Arthur and I arrived back at the standing stones about 8pm. On most nights, it would have been dark by now; if not completely dark, then well into twilight. But these were the longest days of the year, the sun still shined brightly in the late spring sky and it wouldn’t pass beneath the western waves for another two hours. We were in no rush to bring on the night. The early morning’s stiff northeast breeze changed direction, mellowed into soft southerlies, raising the air temperature to a balmy 53 degrees F. It was delightful weather.
We were physically drained from our long trek across Coll, emotionally spent after reliving the bloody events from 1593. Arthur and I were more than happy to just set up camp, get something to eat and lay back on the soft grass about a hundred yards from the megalithic stones, still embedded in their time bubble from the far distant past.

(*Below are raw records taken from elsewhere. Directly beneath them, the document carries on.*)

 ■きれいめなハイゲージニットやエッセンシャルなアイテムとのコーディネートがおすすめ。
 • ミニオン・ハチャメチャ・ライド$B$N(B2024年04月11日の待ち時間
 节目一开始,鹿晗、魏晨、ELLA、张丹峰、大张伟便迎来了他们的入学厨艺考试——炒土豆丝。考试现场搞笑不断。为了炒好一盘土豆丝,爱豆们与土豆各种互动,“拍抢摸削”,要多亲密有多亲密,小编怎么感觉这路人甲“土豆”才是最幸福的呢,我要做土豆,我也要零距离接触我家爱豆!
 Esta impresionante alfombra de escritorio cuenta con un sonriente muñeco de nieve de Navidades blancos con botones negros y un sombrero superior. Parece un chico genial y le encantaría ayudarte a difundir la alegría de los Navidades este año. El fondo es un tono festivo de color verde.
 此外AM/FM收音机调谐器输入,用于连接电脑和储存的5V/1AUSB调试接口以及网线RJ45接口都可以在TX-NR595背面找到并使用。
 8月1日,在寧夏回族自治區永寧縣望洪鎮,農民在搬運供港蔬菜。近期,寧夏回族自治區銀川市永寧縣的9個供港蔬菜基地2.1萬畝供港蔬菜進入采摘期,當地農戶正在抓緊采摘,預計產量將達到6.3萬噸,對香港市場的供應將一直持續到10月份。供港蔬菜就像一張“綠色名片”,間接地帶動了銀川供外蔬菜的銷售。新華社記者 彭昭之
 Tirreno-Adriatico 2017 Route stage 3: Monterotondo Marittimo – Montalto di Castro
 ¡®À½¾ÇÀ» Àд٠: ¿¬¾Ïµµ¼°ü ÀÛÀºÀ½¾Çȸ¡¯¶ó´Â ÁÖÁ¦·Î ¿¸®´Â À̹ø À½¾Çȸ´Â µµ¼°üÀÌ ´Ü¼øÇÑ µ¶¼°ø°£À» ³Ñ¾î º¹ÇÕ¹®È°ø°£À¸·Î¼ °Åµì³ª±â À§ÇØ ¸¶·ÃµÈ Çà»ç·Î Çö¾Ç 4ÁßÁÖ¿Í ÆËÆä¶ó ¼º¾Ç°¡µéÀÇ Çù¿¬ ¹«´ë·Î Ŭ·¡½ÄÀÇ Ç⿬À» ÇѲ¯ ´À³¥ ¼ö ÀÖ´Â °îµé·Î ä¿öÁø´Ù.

My belly full, my thirst slacked, I fell back on my sleeping back content, looking straight up towards the heavens.
“I bet it’s good sky gazing here,” I said, as Arthur finished his simple meal.
“Oh, it is,” he replied, “no better place on earth. There aren’t any streetlights on Coll. It’s been named a Dark Sky Community. You can see faint stars here you can’t see anywhere else due to the light pollution. And The Milky Way? It just explodes overhead; you never knew there were so many stars in the sky.”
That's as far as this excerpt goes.